Krawcyzk v. Krawcyzk

81 R.I. 335 | R.I. | 1954

O’Connell, J.

This petition for divorce was brought by the petitioner on the grounds of extreme cruelty and neglect to provide. The respondent filed a cross-petition and relied on allegations of extreme cruelty and desertion. After hearing in the superior court a justice thereof denied both petitions. No exception was prosecuted by petitioner who was not represented in this court, as her counsel had withdrawn, and the case is before us solely on respondent’s exception to the decision denying and dismissing his cross-petition.

The respondent contends first that he did not have a fair hearing in the superior court, because the trial justice interrupted and harassed the witnesses to such an extent that normal and orderly procedure was made impossible; that he exhibited such bias and prejudice that his decision is not entitled to the usual weight to be attached .thereto; .and that, on the uncontradicted testimony of respondent’s witnesses, his cross-petition should have been granted on the grounds of extreme cruelty and desertion.

We have carefully read the transcript of testimony and while it appears that the trial justice did question several *337of the witnesses at length for his own information, it nowhere appears that he limited their examination by respondent’s counsel; nor did he prevent counsel from making as extensive an examination of the witnesses as he desired. In our opinion the transcript fails to show the existence of any such bias, prejudice, or harassing of witnesses on the part of the trial justice as respondent contends.

On the issue of extreme cruelty, the testimony was practically limited to one instance where petitioner slapped respondent’s face and to the claims that “She dealt a great deal in profanity especially in public”; that her refusal to entertain lost him all his friends; and that as a result of her aloofness he became moody, was mentally depressed and lost greatly in weight. No medical testimony was presented to support the latter claim.

The trial justice after referring to respondent as a “rugged fellow,” stated with respect to the claim of extreme cruelty: “that where you can’t show physical violence you have to show a course of conduct, deliberately engaged in, cruelly intended to do injury. Here there is nothing to show there was any intention to hurt the husband and it is not of such long duration as to lead me to believe that it had the result complained of.”

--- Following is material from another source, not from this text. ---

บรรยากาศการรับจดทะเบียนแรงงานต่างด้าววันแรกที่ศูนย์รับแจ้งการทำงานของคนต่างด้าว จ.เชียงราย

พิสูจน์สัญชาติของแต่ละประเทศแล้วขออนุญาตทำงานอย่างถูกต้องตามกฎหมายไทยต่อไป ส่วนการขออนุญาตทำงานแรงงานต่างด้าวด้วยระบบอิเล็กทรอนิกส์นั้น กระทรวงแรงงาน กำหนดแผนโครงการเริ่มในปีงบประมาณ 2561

In our opinion the above statement of the law is substantially in accord with the decision of this court in Bastien v. Bastien, 57 R. I. 176, which holds that although physical acts of violence are not of themselves indispensable to support a charge of extreme cruelty, their absence must be supplied by evidence of a deliberate course of conduct cruelly calculated to cause, and which did in fact eause, impairment of health of the injured party. It is clear therefore that in appraising respondent’s evidence in support of his allegation of extreme cruelty the trial justice applied the correct rule of law.

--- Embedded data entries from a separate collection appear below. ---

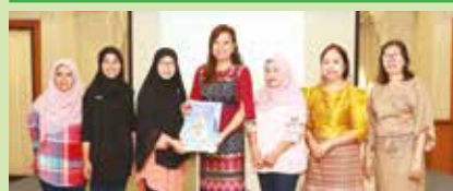
11 กันยายน 2562 คณะสันนิบาตเทศบาล จ.เพชรบูรณ์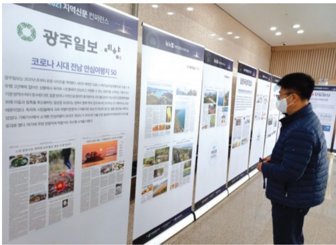
광주일보가 컨퍼런스에서 발표한 연재물 제목은 '코로나 시대 전남 안심 관광지 50선' (사진)이다.

광주일보가 컨퍼런스에서 발표한 연재물 제목은 '코로나 시대 전남 안심 관광지 50선' (사진)이다. 코로나 시대, 안전을 지키면서 자연에서 힐링할 수 있는 전남의 야의 관광지 50곳을 소개하는 내용이다. 목포 곶도 산책로, 진도 점도 웰빙길, 여수 하화도 꽃섬길, 고흥 속섬·연흥도, 국립나주숲체원, 장흥 전관산 동백생태숲, 장성 축령산 숲체원, 구례 천은사 소나무숲길·천개의향나무숲 등이다.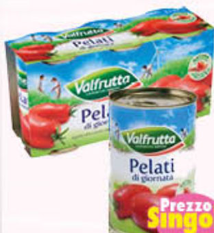
VALFRUTTA POMODORI PELATI 400 gr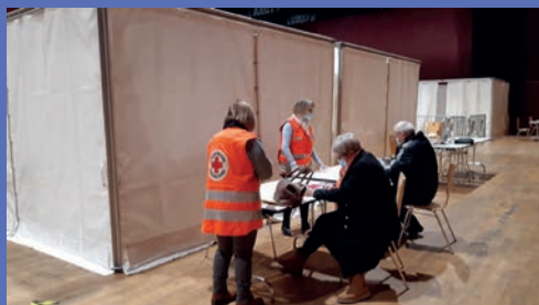
Centre de vaccination du Creusot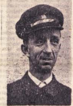
je zavil malce po viniški in nadaljeval: — Dozdam sem jih dobil 68. Vse vaši svojega dostavnega področja sem obšel že po dvakrat. Izdelal sem si načrt: vse domove moram obiskati in vsakomur pokazati Dolenjski list. To je vendar glasilo Socialistične zveze, o naših domačih krajih in zadevah piše, torej ga mora imeti vsaka

okostnjake in prišli do zanimivih zaključkov. Kaže, da so stari Slovani prva stotletja svojega življenja na Balkanu, to je od 8. do 12. stoletja, bili večji in bolj zdravi kot njihovi potomci v dobi razvitega feudalizma. To degeneracija je telesni konstrukcij pa je pospešil že prihod Turkov na Balkan v 14. stoletju. Ekonomska zaostalost, vojne, selitve, lakota in nasilje — vse to je na ljudeh pustilo globoke sledove. V drugi polovici prejšnjega stoletja pa se je začelo stanje boljati. Leta 1912, pred balkansko vojno, je bil srbski vojak po svoji višini na drugem mestu v Evropi, takoj za švedskim. Sele nekaj desetletij predtem so odrasli moški v Srbiji dosegli višino svojih davnih prednikov, pokopanih v Brestovniku — 168 cm.

We see no error in the decision of the trial justice denying and dismissing respondent’s cross-petition upon the alleged *338ground of desertion. General laws 1938, chapter 416, §2, provides, among other grounds, that a divorce may be granted for “wilful desertion for 5 years of either of the parties, or for such desertion for a shorter period of time in the discretion of the court * * Here assuming that the wife left her husband, it was at most for only a few weeks. The respondent testified that his wife left him about the second week of August 1951. ■ Her petition was filed in the superior court on August 17, 1951, and his cross-petition alleging desertion was filed August 28, 1951. In any event the filing by the husband of such cross-petition for divorce was an overt act constituting consent that the wife live separate and apart from him, and where the parties by consent were living separate and apart during the time that the petition for divorce was pending, there could be no willful desertion. Burns v. Burns, 50 R. I. 129. This ground of objection to the decision is therefore untenable.

Z. J. Czubak, for respondent.

Finally, it is well settled in this state that the findings of the trial justice in a divorce action are entitled to great weight and should not be set aside unless they are clearly erroneous or fail to do justice between the parties. Bastien v. Bastien, supra; Reilly v. Reilly, 57 R. I. 432; Kahnovsky v. Kahnovsky, 67 R. I. 63. From a careful reading of the transcript, we cannot say that the decision of the trial justice was clearly wrong or that it failed to do justice between the parties. Hence we cannot disturb it.

The respondent’s exception is overruled, and the case remitted to the superior court.